# TASK DETAILS
All of the data, except its images, should be set down exactly as it appears.

# GIVEN DATA

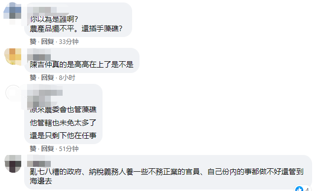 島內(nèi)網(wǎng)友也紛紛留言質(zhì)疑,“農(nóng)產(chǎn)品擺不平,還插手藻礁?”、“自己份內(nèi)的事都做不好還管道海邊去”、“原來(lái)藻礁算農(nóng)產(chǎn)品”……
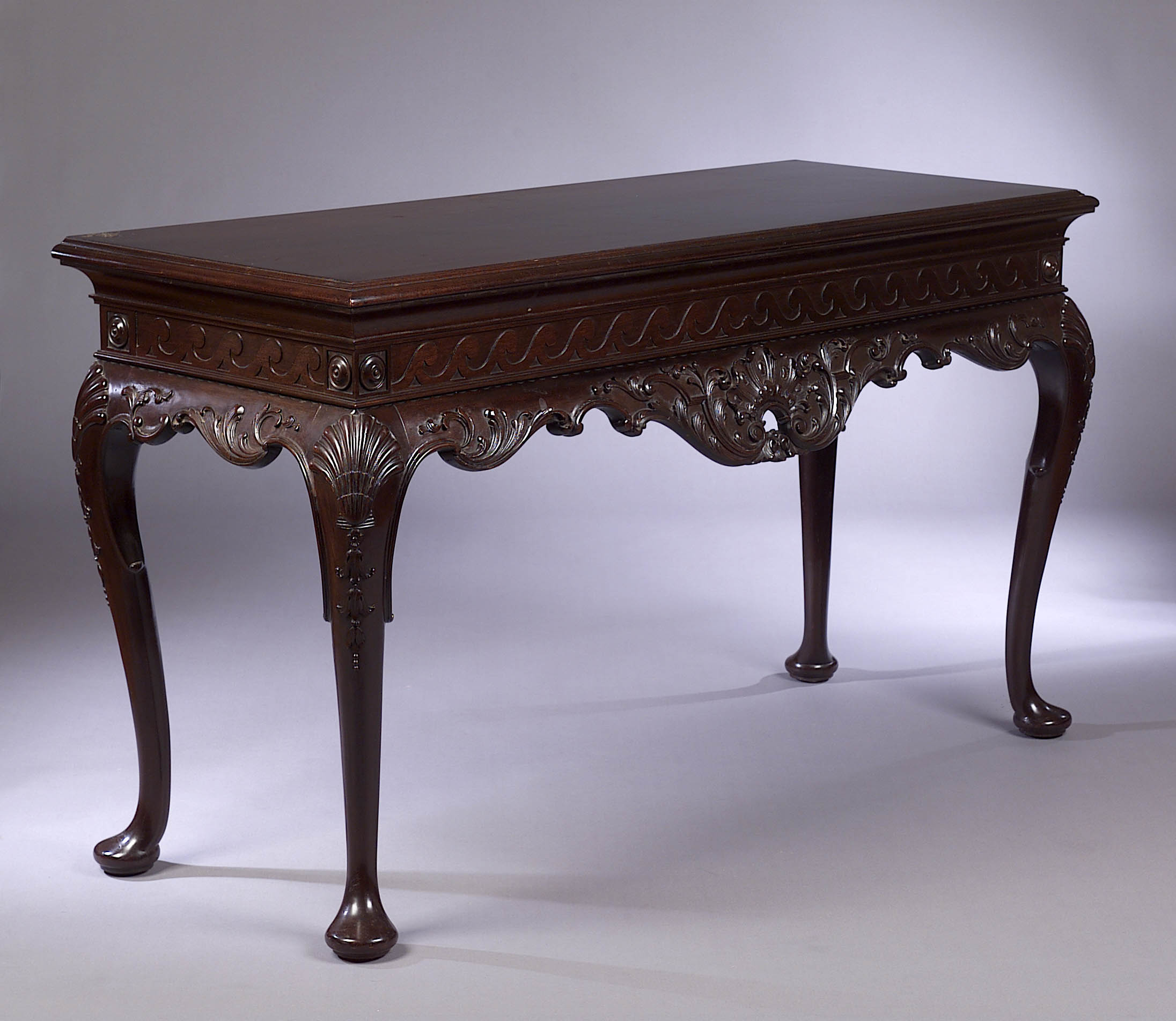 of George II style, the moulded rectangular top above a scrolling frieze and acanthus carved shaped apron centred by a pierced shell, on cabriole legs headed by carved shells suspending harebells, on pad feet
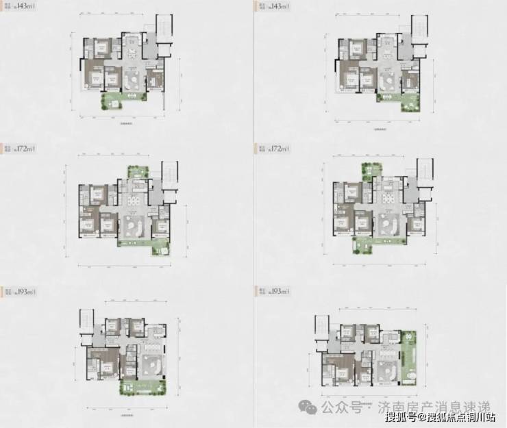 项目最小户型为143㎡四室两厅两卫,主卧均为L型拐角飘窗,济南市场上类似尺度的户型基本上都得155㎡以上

# WRITTEN RESPONSE
 島內(nèi)網(wǎng)友也紛紛留言質(zhì)疑,“農(nóng)產(chǎn)品擺不平,還插手藻礁?”、“自己份內(nèi)的事都做不好還管道海邊去”、“原來(lái)藻礁算農(nóng)產(chǎn)品”……
 of George II style, the moulded rectangular top above a scrolling frieze and acanthus carved shaped apron centred by a pierced shell, on cabriole legs headed by carved shells suspending harebells, on pad feet
 项目最小户型为143㎡四室两厅两卫,主卧均为L型拐角飘窗,济南市场上类似尺度的户型基本上都得155㎡以上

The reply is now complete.